Upon the first appearance of “Marguerite de Valois,” a critic writing in Blackwood’s Magazine, has chosen to commend Dumas’ directness of plot and purpose in a manner which every lover of Dumas and student of history will not fail to appreciate. He says: “Dumas, according to his custom, introduces a vast array of characters, for the most part historical, all spiritedly drawn and well sustained. In various respects the author may be held up as an example to our own history-spoilers, and self-styled writers of historical romance. One does not find him profaning public edifices by causing all sorts of absurdities to pass, and of twaddle to be spoken, within their precincts; neither does he make his king and beggar, high-born dame and private soldier use the very same language, all equally tame, colourless, and devoid of character. The spirited and varied dialogue, in which his romances abound, illustrates and brings out the qualities and characteristics of his actors, and is not used for the sole purpose of making a chapter out of what would be better told in a page. In many instances, indeed, it would be difficult for him to tell his story, by the barest narrative, in fewer words than he does by pithy and pointed dialogue.”
No edifice in Paris itself, nor, indeed, in all France, is more closely identified with the characters and plots of Dumas’ romances than the Louvre. In the Valois cycle alone, the personages are continually flocking and stalking thither; some mere puppets,—walking gentlemen and ladies,—but many more, even, who are personages so very real that even in the pages of Dumas one forgets that it is romance pure and simple, and is almost ready to accept his word as history. This it is not, as is well recognized, but still it is a pleasant manner of bringing before the omnivorous reader many facts which otherwise he might ignore or perhaps overlook.

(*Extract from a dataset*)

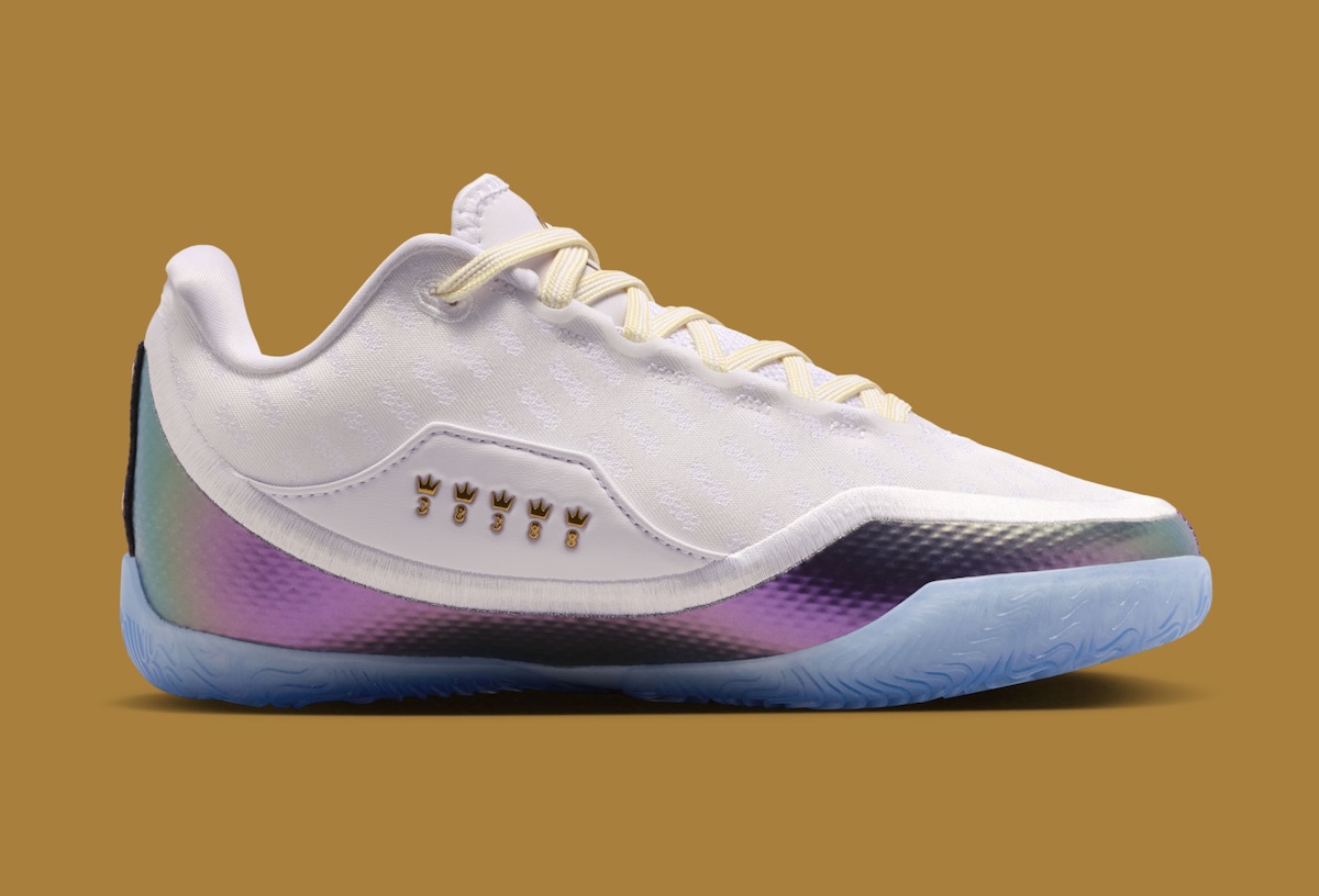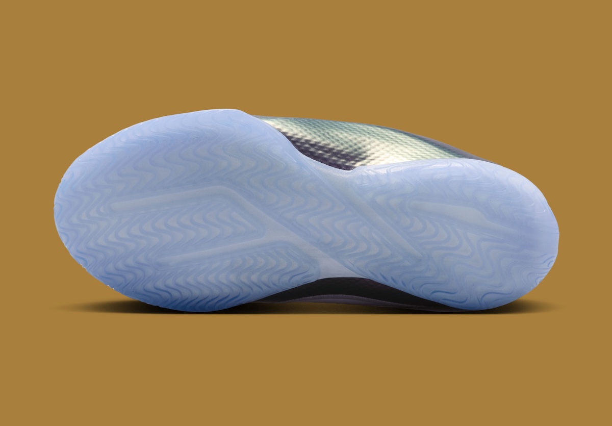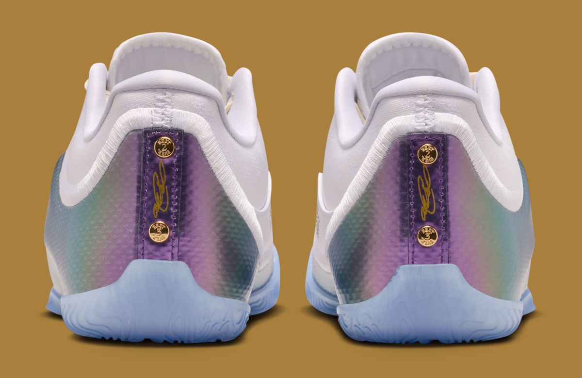 The “For The Record” colorway reflects that legacy with a refined design. It features an iridescent purple and green mudguard paired with a softer purple mesh upper. The number 38,388 appears on the medial side, marking the historic scoring total like a badge of honor.
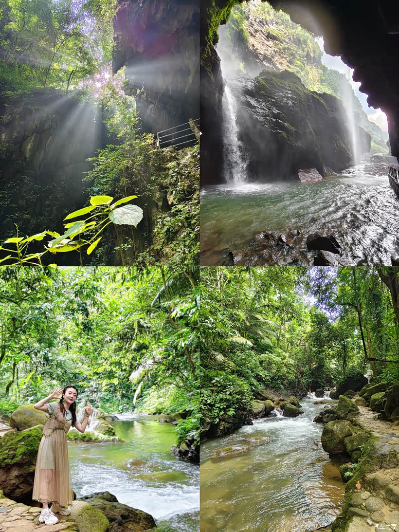 刚进入景区一路水汽氤氲,如浸在水里的凉爽体感。随之会进入各种溶洞,过地下暗河,见到巨型蕨类,高潮的部分是逼近通灵大瀑布,湿身带来的心旷神怡,环瀑布下的洞穴和暗河,如队友说的“仿佛进入了瀑布的心脏”,都是很差异化的体验。

It really is not possible to particularize all the action of Dumas’ romances which centred around the Louvre. To do so would be to write the mediæval history of the famous building, or to produce an analytical index to the works of Dumas which would somewhat approach in bulk the celebrated Chinese encyclopædia.
We learn from “Le Vicomte de Bragelonne” of D’Artagnan’s great familiarity with the life which went on in the old château of the Louvre. “I will tell you where M. d’Artagnan is,” said Raoul; “he is now in Paris; when on duty, he is to be met at the Louvre; when not so, in the Rue des Lombards.”
This describes the situation exactly: when the characters of the D’Artagnan and the Valois romances are not actually within the precincts of the Louvre, they have either just left it or are about to return thither, or some momentous event is being enacted there which bears upon the plot.